Third Stage - Thoughts and Feelings
The purpose of this stage of the talk is to allow all family members to share with the others their thoughts and feelings during the period and afterwards. This type of revelation may give other family members a way to compare their own experience, and to see their reactions as “normal” – “I am not the only one who thinks, feels and acts this way; the other members of my family do too.”
You can ask in a more specific way –
· what did you think during the period (in the shelter, the evacuation site, etc.)?
· what did you understand during the various stages of the period? what did you not understand?
· what did you feel during the various stages of the period? and what are you feeling now?
During this part of the talk, it is very likely that some participants will describe their thoughts while going into excruciating detail, or will express their various feelings – anger, frustration, blame, guilt, etc. – very forcefully. If this happens, allow these participants to express themselves. Do not cut them off, because it is very important that they express themselves; that, in and of itself, has tremendous value. Therefore, do not allow argumentativeness and recrimination, or criticism and mockery, on the part of the other participants. A feeling of family resilience and strength can be created only if each individual knows that s/he can think and feel as s/he wishes, and that s/he has the opportunity to express it in a family that can cope with it.
If, despite your best efforts, another family member bursts into tears or shows some other emotional outburst, one of the parents or one of the siblings can calm him/her down and express compassion and understanding. These are behaviors that should be encouraged, as they strengthen the family and the natural support that is created through this process.

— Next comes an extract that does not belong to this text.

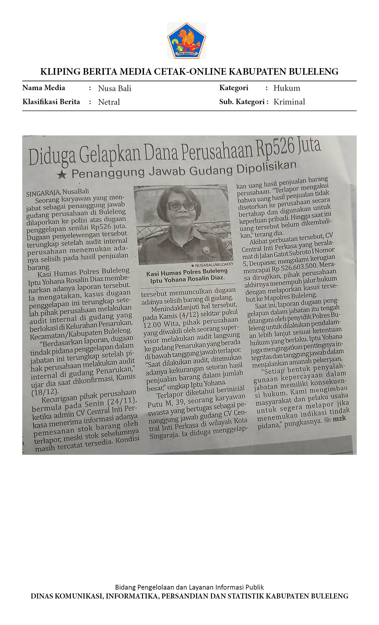 DIDUGA GELAPKAN DANA PERUSAHAAN RP 526 JUTA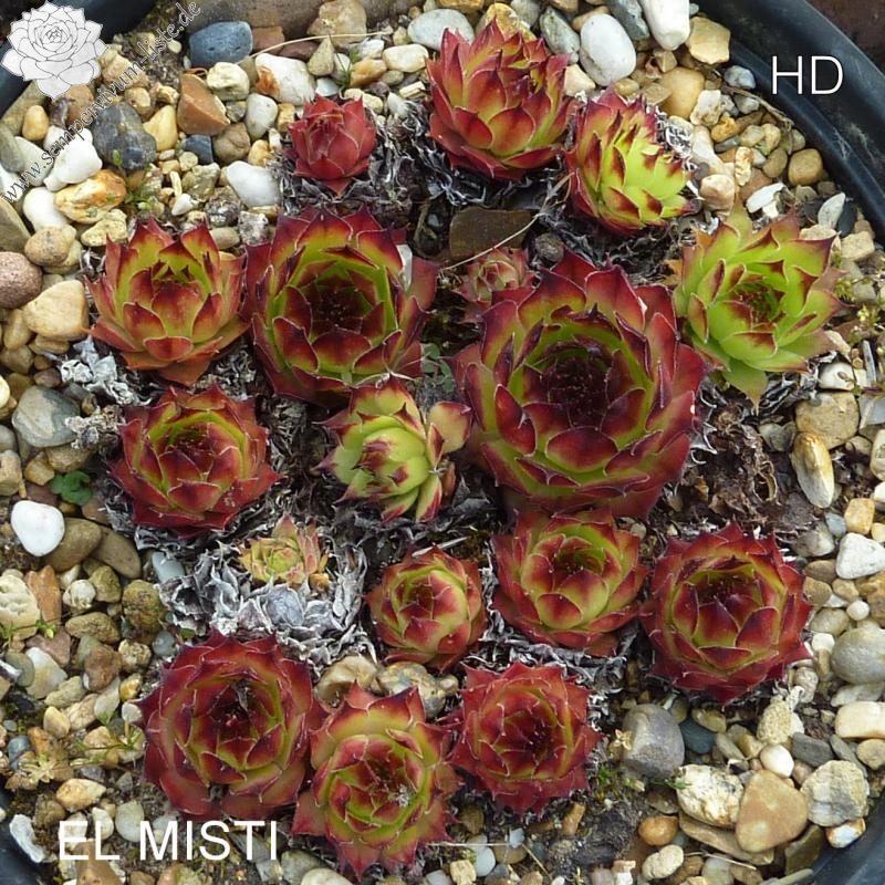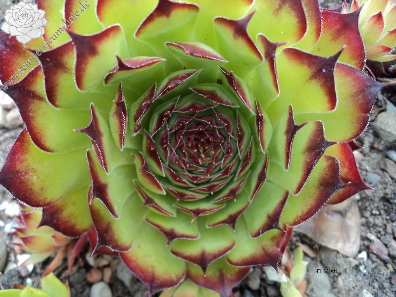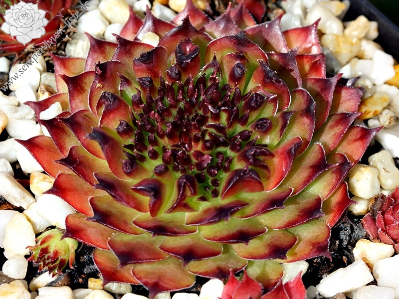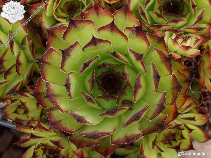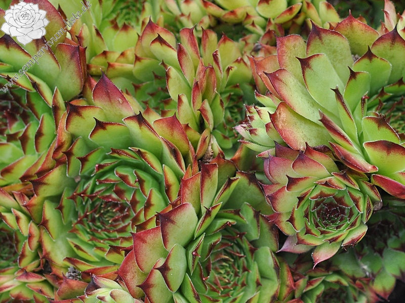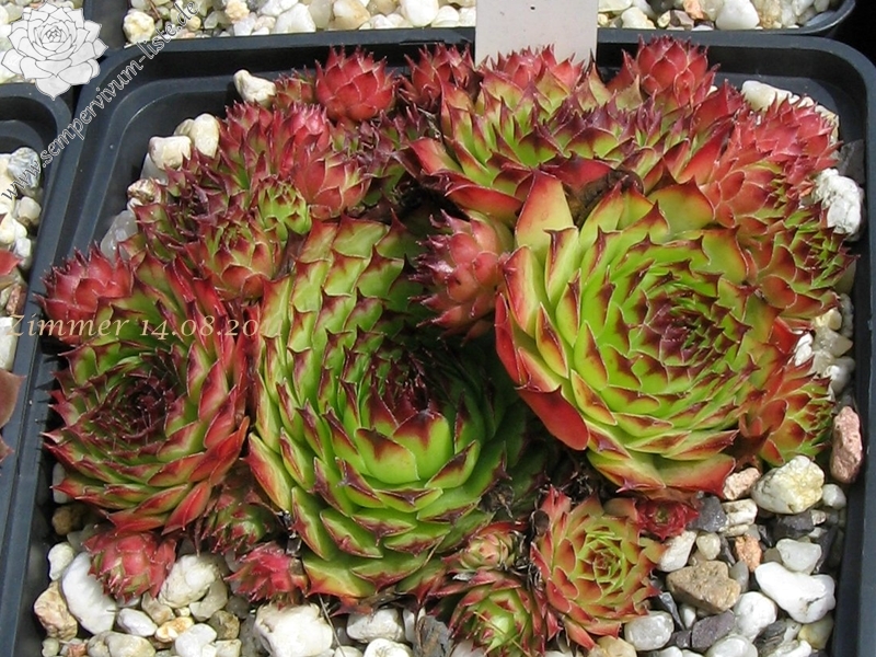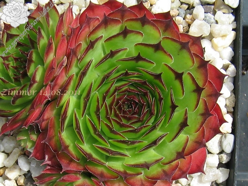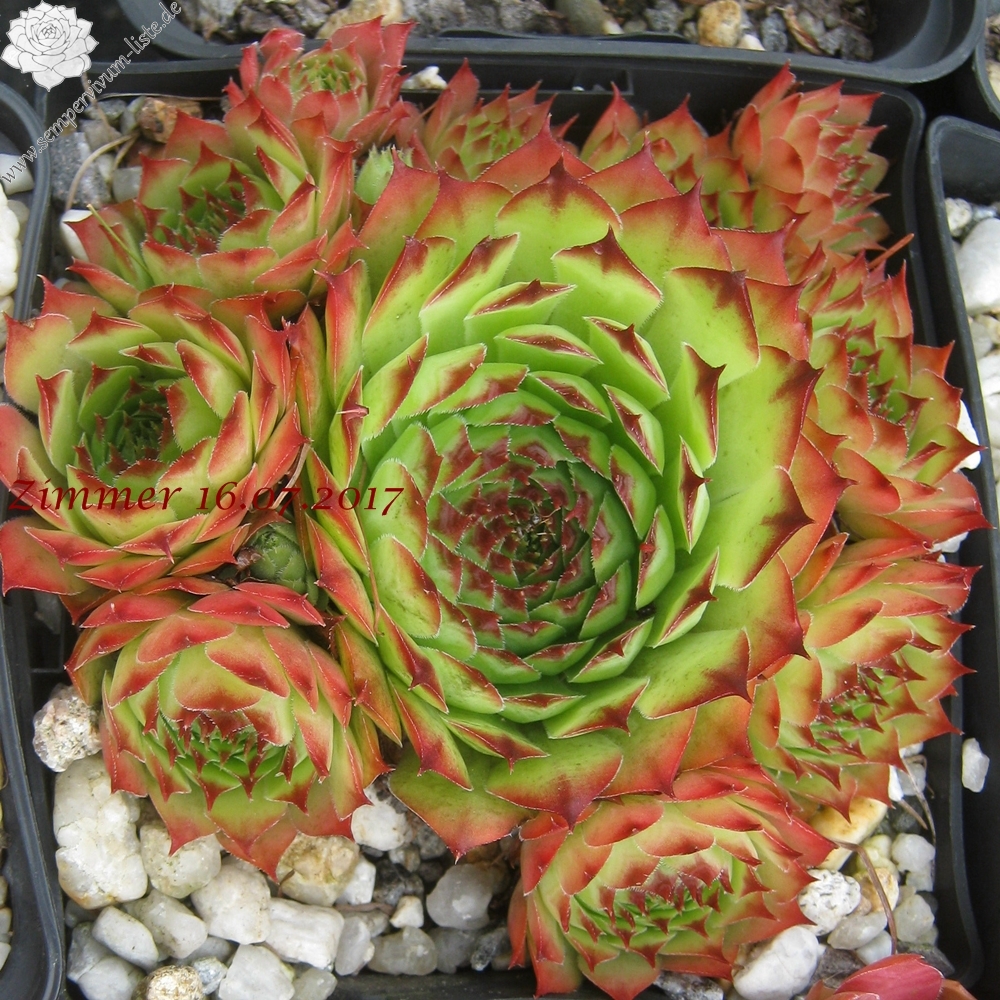 Rosettendurchmesser 5 cm, breit und flach, dunkelgrün, braunrote Spitzen.

It is possible that some of the participants will report behavioral or physical phenomena that are uncommon, e.g., insomnia, anxiety, inability to focus, and more. Try to remember and also to mention to the family that these are normal reactions to traumatic events, and that it is safe to assume that they will fade with time.
Fourth Stage - Regrouping: Rallying the Troops
The purpose of this stage of the talk is to assemble all the effective coping strategies for the family. It is important that family members understand that there are ways of coping for each and every one, and that it is possible to draw strength and ideas simply by bringing them out into the open.
Ask your family members:
· What or who helped you in the period we just experienced?
· What or who is helping you now?
· What do you hope will help you down the road?
Finally, it is important that each family member and the family as a whole emerge from the talk with a heightened sense of strength and with a positive outlook. While summarizing one or two points from the talk, turn the participants’ attention to the future!
It is important to make sure that pre-war family functioning is restored afterwards, and that people resume work, school, leisure activities, family activities, etc.
Express your appreciation for everyone’s openness and honesty in the talk, and invite family members to revisit the subject whenever they feel the need. Try to infuse the family with a spirit of hopefulness, without trivializing the pain and the difficulty. A good balance between looking ahead and contemplating the past will create a feeling of resilience and security both in you and your family.